The "[severe or pervasive] standard is designed to `filter out complaints attacking the ordinary tribulations of the workplace, such as the sporadic use of abusive language, gender-related jokes, and occasional teasing.'" Ocheltree, 335 F.3d at 333 (quoting Faragher v. City of Boca Raton, 524 U.S. 775, 788 (1998)). "At the same time, the standard `protect[s] working women from the kind of male attentions that can make the workplace hellish for women.'" Id. (quoting Baskerville v. Culligan Int'l Co., 50 F.3d 428, 430 (7th Cir. 1995) (alteration in original)). Ultimately, "[t]he question of whether harassment was sufficiently severe or pervasive is quintessentially a question of fact." Hoyle v. Freightliner, LLC, ___ F.3d ___, No. 09-2024, 2011 WL 1206658, at *7 (4th Cir. Apr. 1, 2011) (internal quotation and citation omitted).
Defendant argues that Bland cannot establish that Young's conduct was either severe or pervasive because the complained-of conduct "would not lead a reasonable person to believe that [Bland] was subjected to unwelcome conduct that was sever, pervasive, repeated, and continuous." (Mem. at 18.) Defendant also argues that "`pervasiveness' is not present where the complaints consist of isolated incidents involving different persons." (Mem. at 18.) For her part, Plaintiff argues that taking into account the context of all of Young's conduct and taking into account the workplace environment as a whole, a reasonable juror could find that the complained-of conduct was severe or pervasive. (Opp. at 23-24.)

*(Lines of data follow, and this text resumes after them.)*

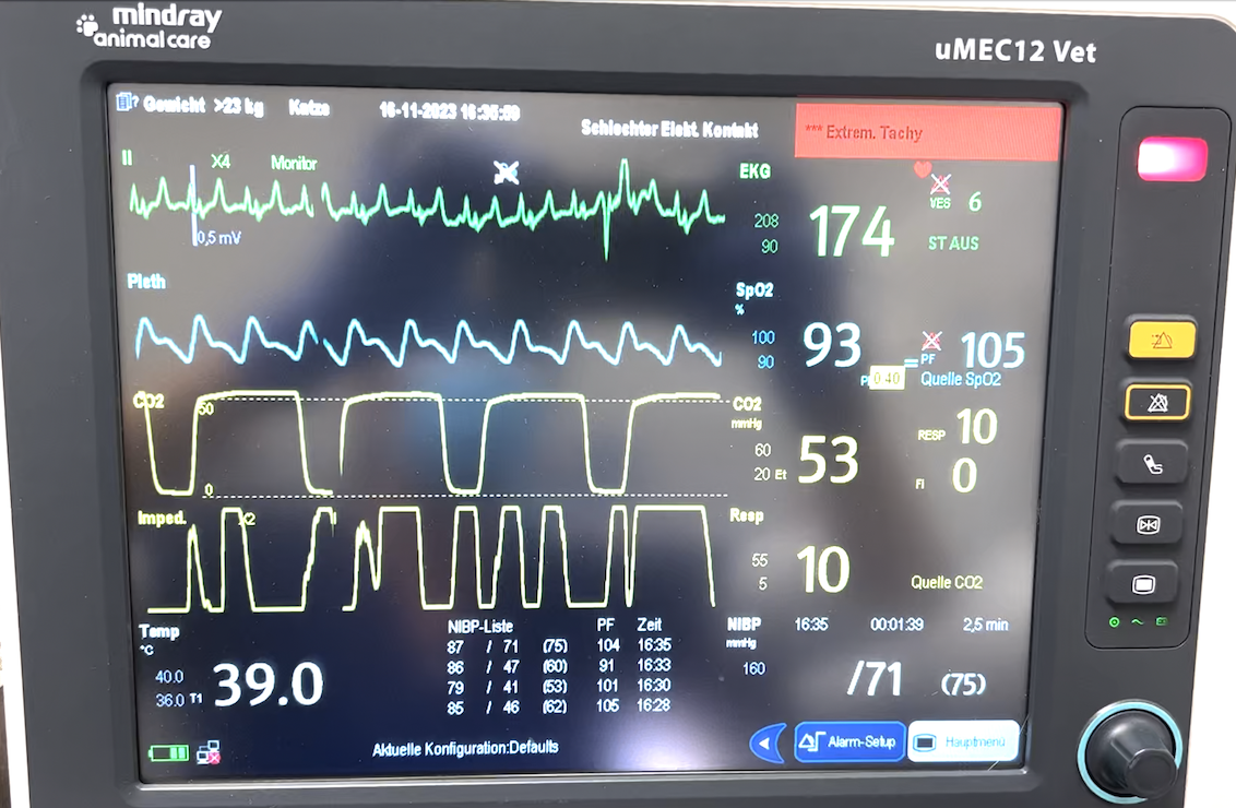 Nicht zu früh und nicht zu spät… Bei den meisten unserer Kleintierpatienten verwenden wir ein sogenanntes Rückatem- oder Kreissystem als Atemsystem an unserem Anästhesiegerät. Einer der großen Vorteile im Vergleich zum Nicht-Rückatemsystem ist der sparsame Verbrauch von Sauerstoff und Isofluran. Dieser wird ermöglicht, weil das ausgeatmete CO2 durch den Atemkalk gebunden wird, so dass der Patient bei der nächsten Einatmung ein CO2-freies Isofluran-/Sauerstoff-Gemisch einatmen kann.
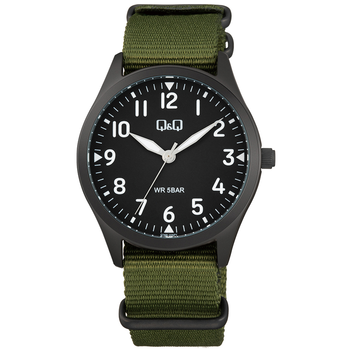 Q&Q Q76B-005PY is a military-inspired men's wristwatch that combines simplistic design with practicality. The watch's black, matte-finish 39 mm case and dark dial create a solid, tactical look, complemented by a military green nylon strap. The bracelet measures 190 mm in length and 20 mm in width. The dial features large, clear white numerals and hands for excellent legibility at a quick glance. The seconds hand stands out subtly in white, and the lightweight material of the bracelet makes the watch comfortable to wear every day.
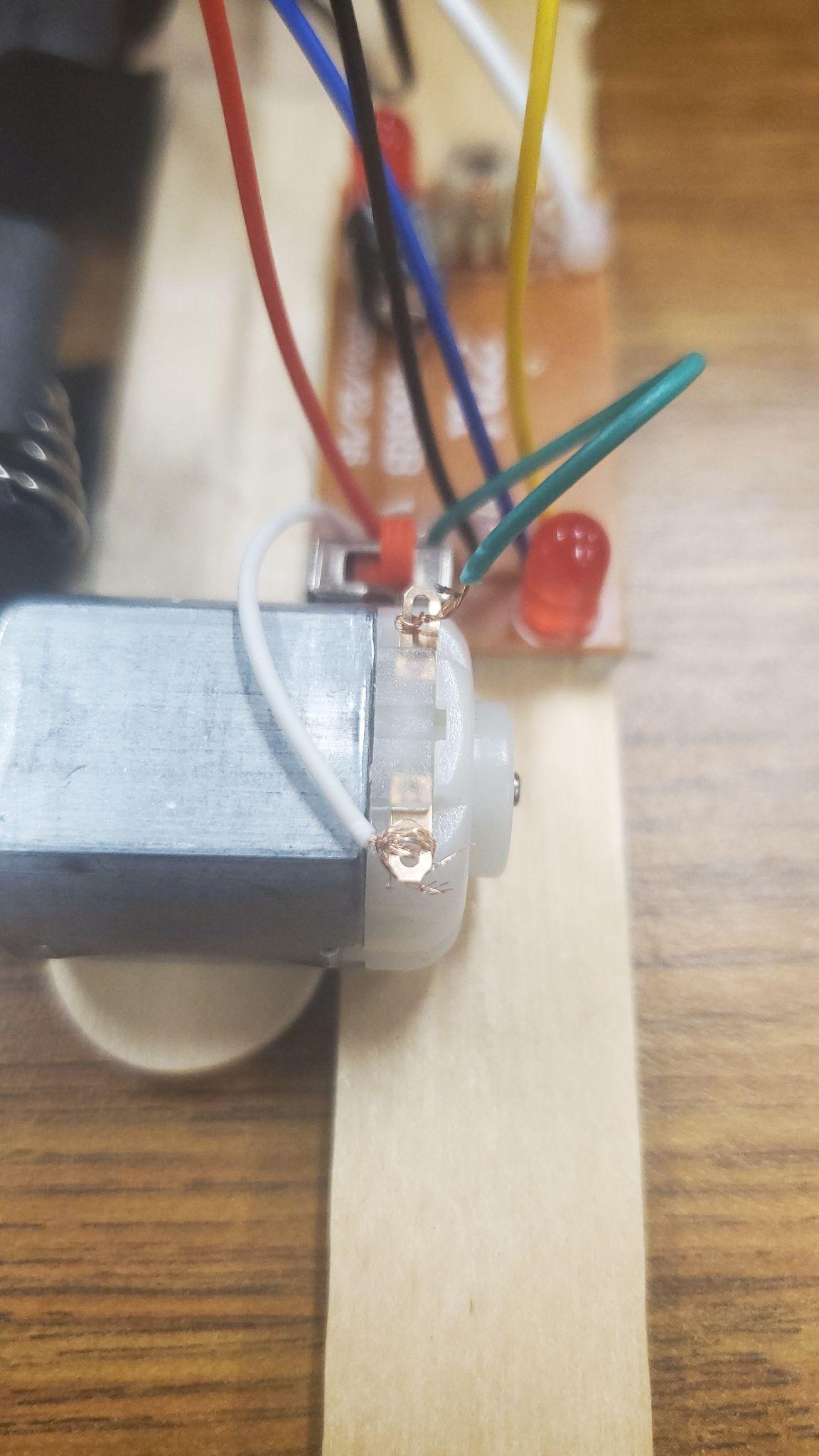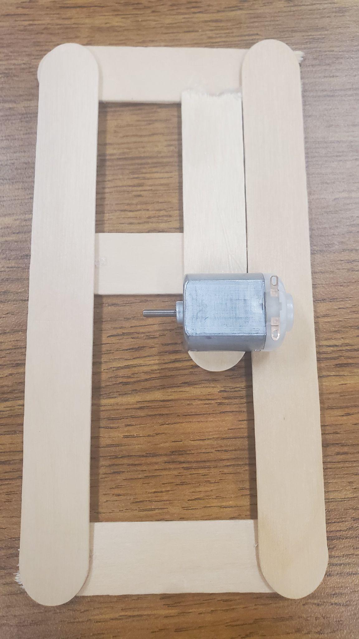 Hot glue the dc motor across the popsicle sticks leaving the spinning shaft out in the open air. MAKE SURE the copper connections are facing up!
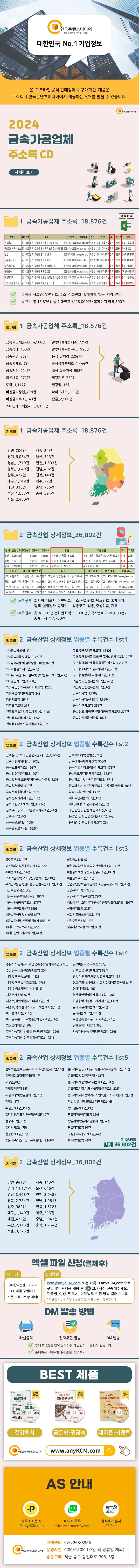 수록항목:상호명,우편번호,주소,전화번호,홈페이지,업종,지역,분야
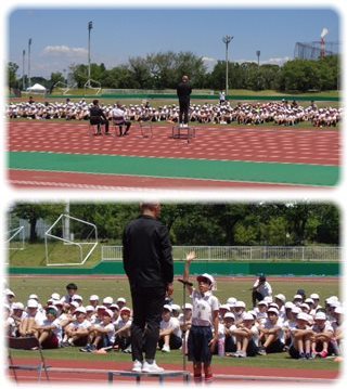 他の子どもたちよりも早く給食を済ませた選手は、徒歩で中央緑地に向かいました。
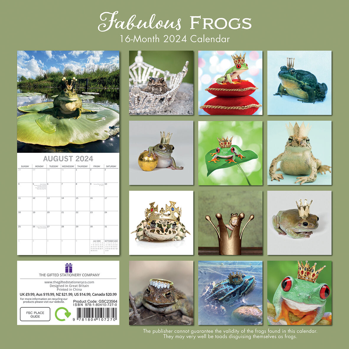 Leap into 2024 with our "Fabulous Frogs" calendar. Each page showcases these delightful amphibians in whimsical and unexpected scenarios. A perfect blend of nature and humor, this calendar is sure to brighten your day! Brand New Calendar with Beautifully design, Sealed in Original Packaging, each calendar includes a large grid running from Sunday to Saturday. Publisher: The Gifted Stationery Co. Dimensions: 30cm (w) x 30cm (h) closed; 30cm (w) x 60cm (h) opened Time Span: 16 months (January to December 2024 monthly, September to December 2023 on-a-page) 2024 Square Wall Calendar featuring beautiful colour photographed images for every month of the year. Like most Wall calendars, this one comes with:
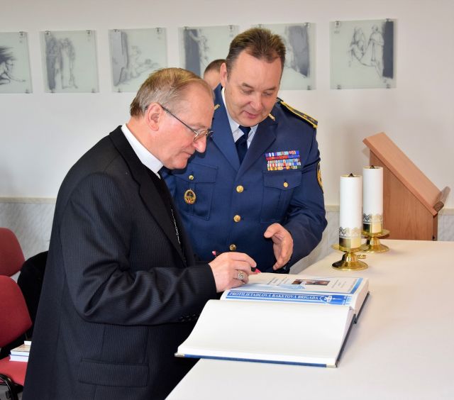 Návšteva ordinára OS a OZ SR bola ukončená slávnostným obedom v priestoroch útvarovej jedálne, kde bola možnosť sa stretnúť aj v neformálnych rozhovoroch s pánom biskupom Rábekom a utužiť tak pracovné vzťahy na úrovni ľud skej i kolegiálnej.
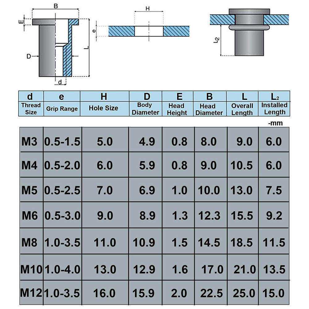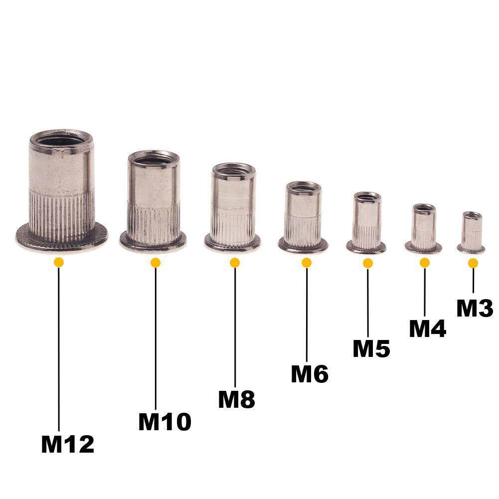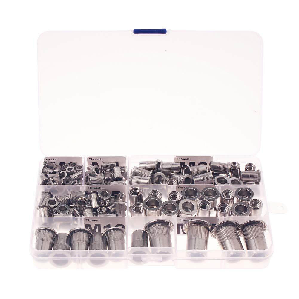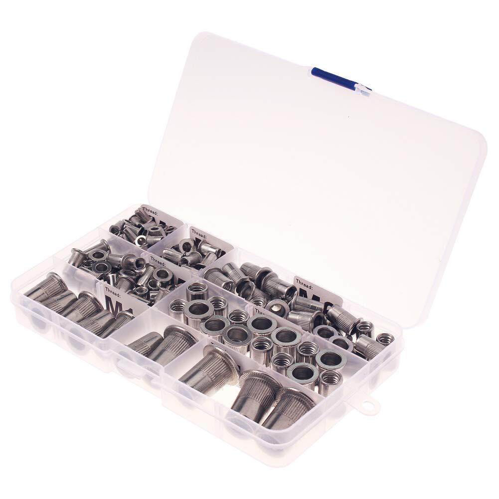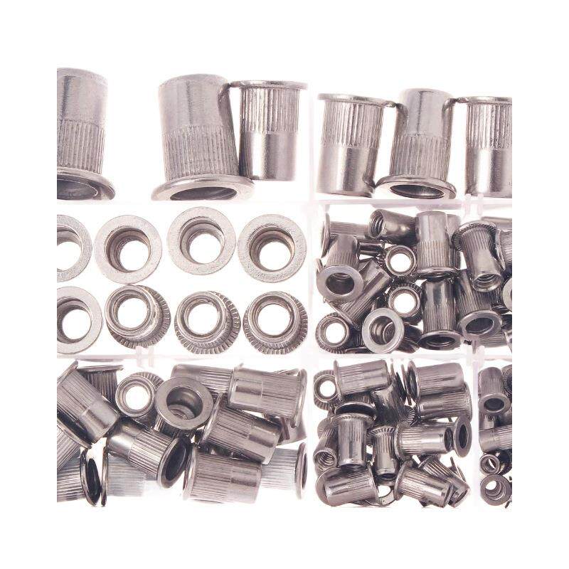 📚 跨境 155PCS 盒装 7种尺寸 304不锈钢铆钉螺纹平头拉铆螺母
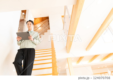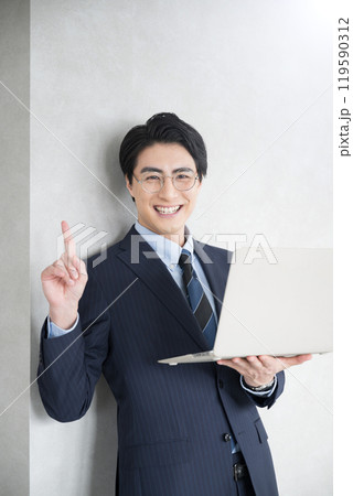 士業や税理士、コンサルタントなどのイメージ パソコンを持つ カメラ目線でポイントやオススメのポーズ
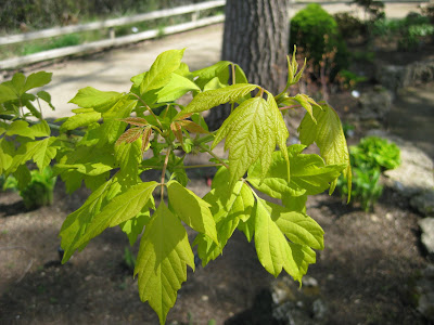 Dicentra spectabilis 'Goldheart') foliage (do you like the pink with gold?). Further below, note the vivid, emerging foliage of golden boxelder (
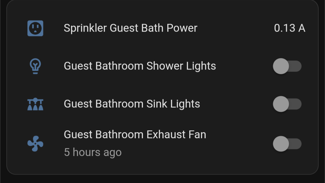 Living Room TV Nodeand the dashboard instead showing nonsense likeLiving Room Living Room TV Living Room Node. Though, not sure if the actual entity ids will follow, that is the bigger issue. 🤔I tacked a CT onto my sprinkler esp so the Mrs can be certain she turned everything off, so I’ve been living with this
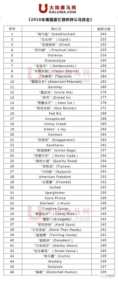 去年配种次数排名第三的“美国法老”,今年的排名也出现了下滑,2018年他的配种次数为182匹,排在了该榜单第十的位置。
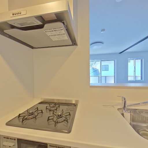 三口ガスコンロとレンジフード(確度90%):ビルトインの三口コンロと整ったレンジフードが確認できる。
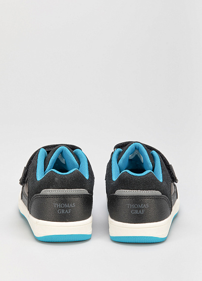 • Детские кроссовки в комбинированном дизайне от бренда Thomas Graf. Модель выполнена из экокожи и текстиля. Две застежки-липучки на подъеме. Плоская рифленая подошва.
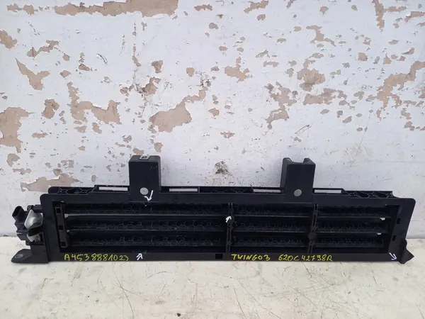 Grade de entrada de ar usada para Renault Twingo III Smart A453. Danos visíveis conforme mostrado nas fotos. Número da peça OEM: A4538881023. Esta peça é adequada para automóveis de passageiros e fabricada pela Renault OE. Fatura disponível para IVA.

Here, examining all of the circumstances and taking the evidence in the light most favorable to the non-movant, Defendant has not established that no reasonable juror could find that Young's harassment was sufficiently severe or pervasive to alter the terms or conditions of Bland's employment. Though the complained-of incidents, three in-person meetings and six telephone conversations, were spread over a six-year period, when viewed in context a reasonable juror could find that Young's conduct crossed the line from "the ordinary tribulations of the workplace, such as the sporadic use of abusive language, gender-related jokes, and occasional teasing" into "the kind of male attentions that can make the workplace hellish for women." Ocheltree, 335 F.3d at 333. Viewing the evidence in the light most favorable to Bland, a reasonable juror could "conclude that the multiple incidents . . . here were far from mildly inappropriate." Hoyle, 2011 WL 1206658, at *8.
In the August 22, 2001, interview incident, Young asked Bland a number of harassing questions: "does your husband approve of this profession," "do you enjoy having sex with more than one partner," and "do you like to be watched while you masturbate." (Mem. at 3.) Young also told Bland that he "knew things about [her]" and asked her to accompany him to a sex-toy shop. Id. These comments are more than mere gender-related joking or sexual innuendo. Young's "knew things about [Bland]" comment is particularly severe, as he testified that he had access to applicant's personnel files. (Young Dep. Tr. 71:17-72:4.) Also contextually significant is Young's position relative to Bland as a more-senior firefighter and recruitment interviewer, which increases the severity of the conduct.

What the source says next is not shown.